An investor advocacy group has publicly condemned FINRA’s decision to return $100 million in regulatory fees to its member firms, calling the move a “parody of justice” given that tens of millions in customer arbitration awards remain unpaid.
The Public Investors Advocate Bar Association, or PIABA, issued the statement after FINRA distributed the funds to member firms on March 31.
PIABA president Michael Bixby said the decision “tarnishes the reputation of FINRA as an institution that is supposed to protect investors and promote market integrity.” From 2020 to 2024, approximately $80 million in FINRA arbitration awards went unpaid, according to PIABA data. In 2024 alone, roughly one in four successful arbitration cases resulted in no recovery by the winning investor.
PIABA said the rebate was particularly ill-timed given that FINRA has simultaneously raised customer arbitration filing fees, making it more expensive for investors to bring claims against member firms.
Bixby cited several recent cases involving Center Street Securities as examples of the problem. He described clients — including factory workers and farmers — who won arbitration awards ranging from hundreds of thousands to more than $1 million but have not been paid.
FINRA defended the rebate. A spokesperson said the distribution was driven by higher-than-expected net income in 2025, reflecting record-level trading volumes and firm revenue, and that the decision was consistent with the organization’s Financial Guiding Principles as a not-for-profit membership organization. The spokesperson also said that FINRA’s member fee structure “is not designed to address unpaid arbitration awards,” an issue the regulator said it has focused on for years.
FINRA paid a $50 million rebate to member firms last July with respect to 2024 fees.
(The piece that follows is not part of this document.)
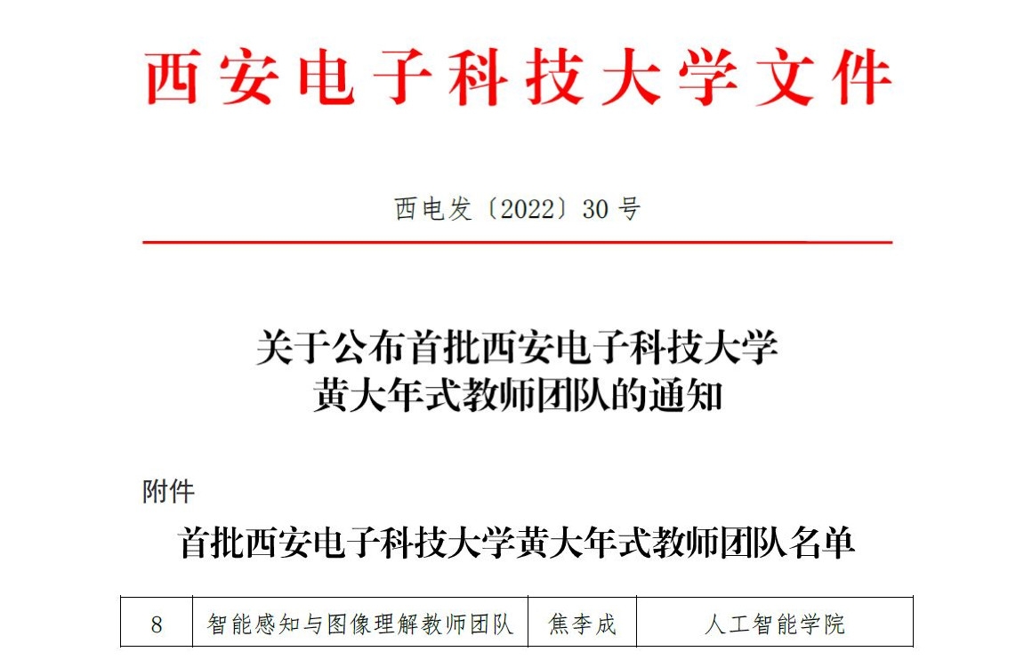 近日,学校印发《关于公布首批pp电子游戏平台官网黄大年式教师团队的通知》(西电发〔2022〕30号),认定全校8个教师团队为首批pp电子游戏平台官网黄大年式教师团队,pp电子游戏平台官网焦李成院士带领的“智能感知与图像理解教师团队”入选。

The back-to-back rebates, totaling $150 million over two years, have drawn criticism from investor advocates who argue that FINRA has structural tools available to address the unpaid awards problem but has been slow to deploy them.
PIABA has called on Congress and the SEC to require firms to maintain additional capital to guarantee payment of arbitration awards. FINRA has previously studied the issue and implemented targeted rule changes requiring certain high-risk firms to set aside funds, but said initially no firms had qualified under the rules when they took effect in 2024.